In my round-up of German pieces I mentioned my review of the film "Better living through chemistry" which was part of the annual April fun and games section in Nachrichten aus der Chemie. Here comes a shorter version of my thoughts on this film, in English:
One question puzzles viewers of this film from the beginning to the end: Why on earth is it narrated by Jane Fonda? I think I worked it out at last – she’s the agony aunt of some third class waiting room magazine and the question she’s answering this time is something along the lines of: “I spend my life being everybody’s doormat – can chemistry improve my life?” And, according to agony Aunt Jane, it can.
In the fairy tale that Auntie Jane tells us to make her point, she’s equipped the protagonist with a small-town pharmacy, to make sure he has a good supply of chemicals to experiment with. At the beginning, he doesn’t quite know what to do with that, other than quietly enjoying the intimate information he has about lots of people in the town.
In the course of an evening delivery to a posh address he meets a very conventionally attractive woman in a very transparent negligee, who describes herself as a trophy wife and complains of the terminal boredom that comes with this job. She has the bright idea that the pharmacists, who has “solutions for everybody but himself” might find the formula to change his life on the shelves of his workplace. The drugs work magic on him, lifting his love life, sporting achievements, and even his hair.

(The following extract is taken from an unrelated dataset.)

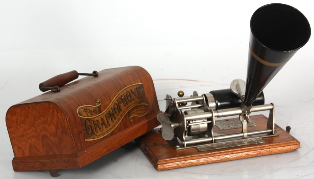 Columbia Graphophone Type-B Phonograph. Oak case and base with domical lid and turned handle; has a skeletonized mechanism with brass spheres on the governor, threaded butterfly key, and conical horn, repainted black with a gold strip, horn measures 10 in. high x 4 in. dia. Metal tag on the platform reads “by the American Graphophone Company”, Type B and serial number 134791. Case measures 6.5 in. high x 11.5 in. wide x 5.5 in. deep.
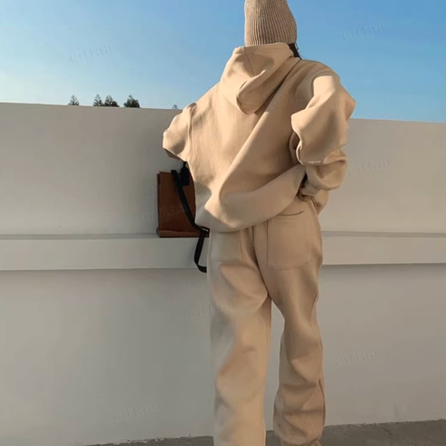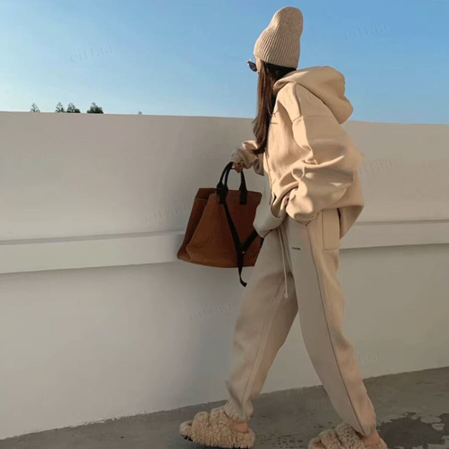 ゆるっとしたルーズ感が今っぽく、抜け感のあるストリートスタイルに。パンツはウエストゴム&調整紐付きでストレスフリーな穿き心地。リラックスしたいおうち時間からちょっとしたお出かけまで活躍します。

What else can you do with chemistry? Oh, yes, murder people. The chemically enhanced couple have a half-hearted go at that, but the scriptwriters (Geoff Moore and David Posamentier, who also direct) clearly shied away from the dark side and hastened to return to the safer ground of lesser crimes.
What is disturbing about the movie is its morality about drugs, reflected not only in Auntie Jane’s voiceover recommending misuse of prescription drugs but also in the reckoning at the end. Watch out who gets punished and who gets away. And perhaps you shouldn’t follow Auntie Jane’s advice.
It appears the film went straight to DVD in Europe, and deservedly so.